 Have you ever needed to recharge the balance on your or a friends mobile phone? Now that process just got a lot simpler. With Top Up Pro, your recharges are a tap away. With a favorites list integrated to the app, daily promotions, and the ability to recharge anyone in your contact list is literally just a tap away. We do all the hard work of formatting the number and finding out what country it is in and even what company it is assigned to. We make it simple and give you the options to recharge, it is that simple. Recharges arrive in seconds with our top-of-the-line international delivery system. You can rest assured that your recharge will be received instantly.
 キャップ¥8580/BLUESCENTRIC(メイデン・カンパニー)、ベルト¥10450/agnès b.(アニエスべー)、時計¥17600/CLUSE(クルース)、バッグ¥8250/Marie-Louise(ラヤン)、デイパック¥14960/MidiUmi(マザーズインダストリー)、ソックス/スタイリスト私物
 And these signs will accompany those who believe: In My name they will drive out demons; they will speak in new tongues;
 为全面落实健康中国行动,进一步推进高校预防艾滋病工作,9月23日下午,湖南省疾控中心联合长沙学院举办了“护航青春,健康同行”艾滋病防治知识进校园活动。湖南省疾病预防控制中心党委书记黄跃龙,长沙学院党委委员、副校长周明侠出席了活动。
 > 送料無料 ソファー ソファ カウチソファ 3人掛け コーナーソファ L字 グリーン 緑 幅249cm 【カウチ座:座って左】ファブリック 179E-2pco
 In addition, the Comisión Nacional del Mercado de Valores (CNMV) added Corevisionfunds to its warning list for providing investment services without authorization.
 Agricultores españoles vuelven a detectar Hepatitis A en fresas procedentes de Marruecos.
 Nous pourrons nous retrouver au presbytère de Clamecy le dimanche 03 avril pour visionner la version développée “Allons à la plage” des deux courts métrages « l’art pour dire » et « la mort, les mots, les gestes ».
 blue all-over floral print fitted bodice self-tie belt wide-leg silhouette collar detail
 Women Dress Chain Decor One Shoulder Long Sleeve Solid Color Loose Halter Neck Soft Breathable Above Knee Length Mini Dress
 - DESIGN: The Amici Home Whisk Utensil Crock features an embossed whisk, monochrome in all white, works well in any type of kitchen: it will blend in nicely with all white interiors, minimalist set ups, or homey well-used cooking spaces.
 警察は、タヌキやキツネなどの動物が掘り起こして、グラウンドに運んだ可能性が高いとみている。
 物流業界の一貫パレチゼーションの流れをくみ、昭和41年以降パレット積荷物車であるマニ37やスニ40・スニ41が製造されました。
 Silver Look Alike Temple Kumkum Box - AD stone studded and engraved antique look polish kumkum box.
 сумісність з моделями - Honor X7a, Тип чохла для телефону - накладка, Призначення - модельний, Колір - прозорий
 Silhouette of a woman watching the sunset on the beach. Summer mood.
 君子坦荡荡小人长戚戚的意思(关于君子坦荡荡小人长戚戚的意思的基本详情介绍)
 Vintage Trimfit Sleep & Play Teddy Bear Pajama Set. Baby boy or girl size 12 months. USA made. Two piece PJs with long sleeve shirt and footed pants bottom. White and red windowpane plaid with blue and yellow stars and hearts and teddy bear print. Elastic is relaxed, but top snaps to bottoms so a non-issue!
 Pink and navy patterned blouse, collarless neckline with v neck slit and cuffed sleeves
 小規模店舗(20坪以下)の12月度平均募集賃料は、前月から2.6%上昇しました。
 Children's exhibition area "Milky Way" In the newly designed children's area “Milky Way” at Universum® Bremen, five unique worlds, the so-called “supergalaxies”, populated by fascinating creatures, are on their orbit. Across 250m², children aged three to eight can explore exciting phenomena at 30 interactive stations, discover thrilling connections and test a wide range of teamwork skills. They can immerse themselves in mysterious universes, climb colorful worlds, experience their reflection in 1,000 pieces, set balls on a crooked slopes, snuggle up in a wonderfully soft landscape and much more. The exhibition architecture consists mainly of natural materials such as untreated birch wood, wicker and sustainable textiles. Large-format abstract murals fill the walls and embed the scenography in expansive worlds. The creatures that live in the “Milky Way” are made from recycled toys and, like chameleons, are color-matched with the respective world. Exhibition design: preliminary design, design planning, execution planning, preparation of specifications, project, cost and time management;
· · · ·
▶ _Assignment_
After reading the data, retype all of it exactly as it reads.

▶ _Written reply_
 Have you ever needed to recharge the balance on your or a friends mobile phone? Now that process just got a lot simpler. With Top Up Pro, your recharges are a tap away. With a favorites list integrated to the app, daily promotions, and the ability to recharge anyone in your contact list is literally just a tap away. We do all the hard work of formatting the number and finding out what country it is in and even what company it is assigned to. We make it simple and give you the options to recharge, it is that simple. Recharges arrive in seconds with our top-of-the-line international delivery system. You can rest assured that your recharge will be received instantly.
 キャップ¥8580/BLUESCENTRIC(メイデン・カンパニー)、ベルト¥10450/agnès b.(アニエスべー)、時計¥17600/CLUSE(クルース)、バッグ¥8250/Marie-Louise(ラヤン)、デイパック¥14960/MidiUmi(マザーズインダストリー)、ソックス/スタイリスト私物
 And these signs will accompany those who believe: In My name they will drive out demons; they will speak in new tongues;
 为全面落实健康中国行动,进一步推进高校预防艾滋病工作,9月23日下午,湖南省疾控中心联合长沙学院举办了“护航青春,健康同行”艾滋病防治知识进校园活动。湖南省疾病预防控制中心党委书记黄跃龙,长沙学院党委委员、副校长周明侠出席了活动。
 > 送料無料 ソファー ソファ カウチソファ 3人掛け コーナーソファ L字 グリーン 緑 幅249cm 【カウチ座:座って左】ファブリック 179E-2pco
 In addition, the Comisión Nacional del Mercado de Valores (CNMV) added Corevisionfunds to its warning list for providing investment services without authorization.
 Agricultores españoles vuelven a detectar Hepatitis A en fresas procedentes de Marruecos.
 Nous pourrons nous retrouver au presbytère de Clamecy le dimanche 03 avril pour visionner la version développée “Allons à la plage” des deux courts métrages « l’art pour dire » et « la mort, les mots, les gestes ».
 blue all-over floral print fitted bodice self-tie belt wide-leg silhouette collar detail
 Women Dress Chain Decor One Shoulder Long Sleeve Solid Color Loose Halter Neck Soft Breathable Above Knee Length Mini Dress
 - DESIGN: The Amici Home Whisk Utensil Crock features an embossed whisk, monochrome in all white, works well in any type of kitchen: it will blend in nicely with all white interiors, minimalist set ups, or homey well-used cooking spaces.
 警察は、タヌキやキツネなどの動物が掘り起こして、グラウンドに運んだ可能性が高いとみている。
 物流業界の一貫パレチゼーションの流れをくみ、昭和41年以降パレット積荷物車であるマニ37やスニ40・スニ41が製造されました。
 Silver Look Alike Temple Kumkum Box - AD stone studded and engraved antique look polish kumkum box.
 сумісність з моделями - Honor X7a, Тип чохла для телефону - накладка, Призначення - модельний, Колір - прозорий
 Silhouette of a woman watching the sunset on the beach. Summer mood.
 君子坦荡荡小人长戚戚的意思(关于君子坦荡荡小人长戚戚的意思的基本详情介绍)
 Vintage Trimfit Sleep & Play Teddy Bear Pajama Set. Baby boy or girl size 12 months. USA made. Two piece PJs with long sleeve shirt and footed pants bottom. White and red windowpane plaid with blue and yellow stars and hearts and teddy bear print. Elastic is relaxed, but top snaps to bottoms so a non-issue!
 Pink and navy patterned blouse, collarless neckline with v neck slit and cuffed sleeves
 小規模店舗(20坪以下)の12月度平均募集賃料は、前月から2.6%上昇しました。
 Children's exhibition area "Milky Way" In the newly designed children's area “Milky Way” at Universum® Bremen, five unique worlds, the so-called “supergalaxies”, populated by fascinating creatures, are on their orbit. Across 250m², children aged three to eight can explore exciting phenomena at 30 interactive stations, discover thrilling connections and test a wide range of teamwork skills. They can immerse themselves in mysterious universes, climb colorful worlds, experience their reflection in 1,000 pieces, set balls on a crooked slopes, snuggle up in a wonderfully soft landscape and much more. The exhibition architecture consists mainly of natural materials such as untreated birch wood, wicker and sustainable textiles. Large-format abstract murals fill the walls and embed the scenography in expansive worlds. The creatures that live in the “Milky Way” are made from recycled toys and, like chameleons, are color-matched with the respective world. Exhibition design: preliminary design, design planning, execution planning, preparation of specifications, project, cost and time management;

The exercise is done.